Construction and Validation of the Nomogram Score System
To develop a nomogram score system for NSCLC patients, MCRA was performed to extract the powerful OS predictors. To visualize the results of Cox regression and predict the survival of NSCLC patients, the prognostic nomogram was plotted by using “rms” and “survival” packages in R. First, the Cox proportional hazards regression model was constructed by using the cph () function, and the survival () function was used to calculate the survival probability. Finally, the nomogram () function was used to create the nomogram, time-dependent ROC, and calibration curves of OS. The predictive performance of the nomogram was validated by calibration curves, ROC, and decision curve analysis (DCA). The area under curves (AUCs) of the nomogram for predicting 1-, 3-, 5-, and 10-year OS of NSCLC patients were plotted.
Statistical Analyses
The chi-squared test, Student’s t-test, Wilcoxon test, and Mann–Whitney U-test were employed to examine the differential variables from datasets or groups. Statistical significance was considered as p < 0.05. R (version 3.6.3) was used to perform all statistical analyses, and the results were visualized by corresponding functional packages.
Results
Identification of GIRlncRNAs for NSCLC Patients
Following TCGA data collection, annotation, and preprocessing, 975 samples were obtained. These samples were subsequently ranked by their gene mutation counts. The top 25% samples (n = 244) with a low mutation frequency were designated as the GS group, and the last 25% samples (n = 244) with a high mutation frequency were designated as the GU group (Supplementary Figure S2; Supplementary Table S1). A total of 1,446 DE-lncRNAs between these two groups were identified from an expression matrix containing 10,480 lncRNAs (|log2 FC|>1, FDR adjusted p < 0.05), among which 1138 lncRNAs were upregulated and 308 lncRNAs were downregulated (Figure 1A; Supplementary Table S2). Based on the expression profile of these DE-lncRNAs, all samples were clustered under an unsupervised hierarchical clustering analysis by “ConsumusClusterPlus” package. Two clusters were obtained as shown in the heatmap (Figure 1B; Supplementary Table S3). The resulting subtypes were positively correlated with the mutation frequency (R = 1.22; p = 0.0001) and the mutation frequency in cluster 2 was significantly higher than that in cluster 1 (Figure 1C). Therefore, cluster 1 and cluster 2 were named as GS and GU-like subtypes, respectively. As shown by the heatmap of DE-lncRNAs, a significant expression difference was observed between these two subtypes (Figure 1D). These results identified 1,446 lncRNAs as candidates for GIRlncRNAs of NSCLC.

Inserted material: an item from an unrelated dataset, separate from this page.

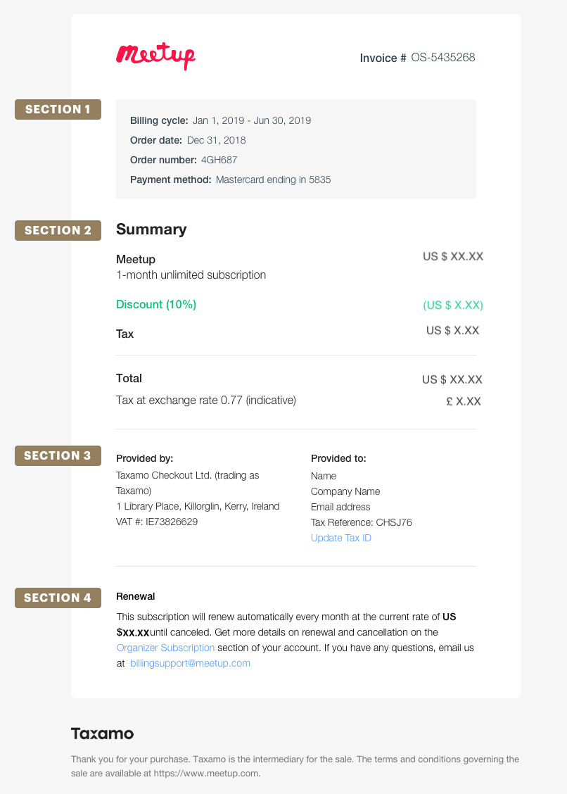 - Your email address, tax ID number, and Meetup's tax exemption form

FIGURE 1. Identification and functional analysis of GIRlncRNAs for NSCLC patients. (A) Volcano plot of the GIRlncRNA distribution. 1,446 DE-lncRNAs between the GU group (n = 244) and GS group (n = 244) are shown. (B) Unsupervised clustering of 975 NSCLC patients according to the expression pattern of identified GIRlncRNAs. Cluster 1, light blue box. Cluster 2, dark blue box. (C) Mutation frequency analysis of DE-lncRNAs in two clusters derived from unsupervised clustering analyses. Cluster 1, blue scatterplot. Cluster 2, orange scatterplot. (D) Expression heatmap of DE-lncRNAs from 975 NSCLC patients. Subtype classification was performed by unsupervised hierarchical clustering analysis. Cluster 1 (cyan box) is designated as the GS-like group, and cluster 2 (orchid box) is designated as the GU-like group. (E) Upset plotting the statistical AS events of 60 DE-lncRNAs. (F) Co-expression network of mRNA-interacting GIRlncRNAs based on Pearson correlation coefficient. (G) Enriched KEGG pathways for the mRNA-interacting GIRlncRNAs. (H–J) Enriched GO pathways for the mRNA-interacting GIRlncRNAs in three parts: BP (H), CC (I), and MF (J).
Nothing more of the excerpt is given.